Earlier this week B. and M. went for a healthy feet class. In front of the building there is a construction site. To B.’s delight we usually see diggers there. But this time there was a really noisy excavator with hammer drill. He panicked, he was frightened. He spent a significant time of the class crying. When they came back he talked to me about that excavator for almost two hours until we put him to bed. At night he had nightmares – crying, sweating, repeating “hammer drill”. The next day the hammer drill became a very important part of his game.
When we visited my home town we stayed in my sister’s apartment where she has a gas cooker. B. was very scared of situations when we cooked something. He started to repeat: “Don’t like gas. Explodes.” Where did he take it from? I do not remember him having any experience with a gas cooker. The only event, where gas and explosion were related, we could think of was a gas explosion in a town of Prešov, Slovakia. It happened when B. was about 1,5 years old and he might overheard us talking about it. Otherwise I do not know where his fear of gas could have come from.
The reason why I mentioned these two events – the hammer drill and the gas fear – is to exemplify how he remembers potentially frightening things and comes back to them sooner or later. That is why I was concerned to talk to him about the tornado that destroyed villages relatively near to us and even much nearer to B.’s grandmother K., grandfather J., aunt L., uncle J. and cousin A. who all live in a town 5 kilometres from villages destroyed by the tornado.

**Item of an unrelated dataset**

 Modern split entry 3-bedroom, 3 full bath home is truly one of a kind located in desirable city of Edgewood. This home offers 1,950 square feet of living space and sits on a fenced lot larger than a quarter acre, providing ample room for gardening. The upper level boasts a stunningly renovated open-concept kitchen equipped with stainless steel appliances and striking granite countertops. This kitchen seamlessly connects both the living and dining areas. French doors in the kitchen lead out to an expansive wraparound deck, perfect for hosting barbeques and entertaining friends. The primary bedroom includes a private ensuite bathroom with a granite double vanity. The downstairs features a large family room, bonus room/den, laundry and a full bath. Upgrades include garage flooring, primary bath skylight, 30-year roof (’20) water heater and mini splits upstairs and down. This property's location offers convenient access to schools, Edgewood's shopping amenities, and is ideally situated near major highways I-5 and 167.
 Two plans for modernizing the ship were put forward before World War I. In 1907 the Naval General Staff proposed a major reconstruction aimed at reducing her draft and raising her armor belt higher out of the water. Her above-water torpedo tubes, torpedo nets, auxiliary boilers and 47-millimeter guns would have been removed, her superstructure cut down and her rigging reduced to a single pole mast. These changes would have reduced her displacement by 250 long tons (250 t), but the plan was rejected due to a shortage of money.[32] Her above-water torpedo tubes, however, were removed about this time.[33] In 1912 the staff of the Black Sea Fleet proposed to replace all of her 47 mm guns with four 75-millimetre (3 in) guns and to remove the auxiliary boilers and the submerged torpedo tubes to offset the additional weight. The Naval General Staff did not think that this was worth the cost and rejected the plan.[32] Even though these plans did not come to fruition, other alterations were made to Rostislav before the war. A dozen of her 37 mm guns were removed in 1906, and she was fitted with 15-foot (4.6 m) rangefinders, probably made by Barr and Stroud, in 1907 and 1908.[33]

On that tornado day M. took B. to the post office to pick up a package. They called me to have a look at clouds. I have seen clouds like those on the internet (I could not remember what weather they were related to) but never with my own eyes. They looked like huge balls hanging from the sky. Mammatus clouds – as I found out the next day. There was no rain, no extreme wind, no thunderstorm. Nothing unusual. We found out the next morning.

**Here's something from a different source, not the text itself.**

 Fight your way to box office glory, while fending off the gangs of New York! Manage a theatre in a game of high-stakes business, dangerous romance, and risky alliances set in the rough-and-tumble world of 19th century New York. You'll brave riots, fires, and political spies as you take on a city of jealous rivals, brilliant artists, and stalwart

While M. was checking the news online, looking through photographs and videos of the destroyed villages, B. passed around and immediately started to ask about it. We explained, showed photographs, videos, read several news highlights and showed him tornadoes in his books. He was talking about “big machines coming” and repairing all the houses, people living in “other houses”. We even tried to explain that it will take so much time, money, work and effort to repair it. We even started on options of humanitarian aid. Also it was quite important for me to reassure him that there is a possibility of bigger safety as we live right next to mountains and I also emphasized that I do not remember any tornado.

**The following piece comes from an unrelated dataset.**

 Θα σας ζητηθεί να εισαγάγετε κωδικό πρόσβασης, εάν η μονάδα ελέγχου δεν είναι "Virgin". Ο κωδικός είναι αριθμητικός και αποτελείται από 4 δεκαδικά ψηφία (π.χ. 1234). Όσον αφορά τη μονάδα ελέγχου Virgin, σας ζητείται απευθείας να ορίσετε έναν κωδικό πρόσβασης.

We needed to stop this session after about 45 minutes, because it became unbearable to repeat everything over and over. But he kept talking about it, looking through books, describing, showing us. He seemed to be really excited about it. The words “tornado” and “funnel” stayed with us for days. And I am afraid of the next thunderstorm to come, as he had been scared of thunderstorms before also…
We talk to B. about death in general terms – we have two beautiful children’s books by Elisabeth Helland Larsen – Leben mit dir (Living With You) and Ja som Smrť (I am Death). And also… There is a street radio in our town where the town informs inhabitants about important news, events, including announcements about dates and times of funerals of people who passed away. By now B. can recognize the sad introduction music and he says: „Someone died.“ He uses the exact same words I used to when I tried to inform him why the music plays and what the announcement afterwards is about. I do not assume he fully understands what „died“ means but he is on the way there.
Another way we introduce him to death is when we occasionaly eat meat. We explain that the meat we eat comes from an animal that used to be alive and it was a chicken or a duck running around or a fish swimming around. When we see a dead animal outside, we show him, explain that now it is food for other animals or bugs. We also have a beautiful food chain activity by Lipka.
Death is a part of life and it is how our family tries to approach it. It may make us feel sad, desperate, angry, hopeless or even happy, joyful… It depends. Even I used to be closer to death. I never know when information B. is provided with will affect his and our life, the same as I never know what infromation from my past will affect mine and ours.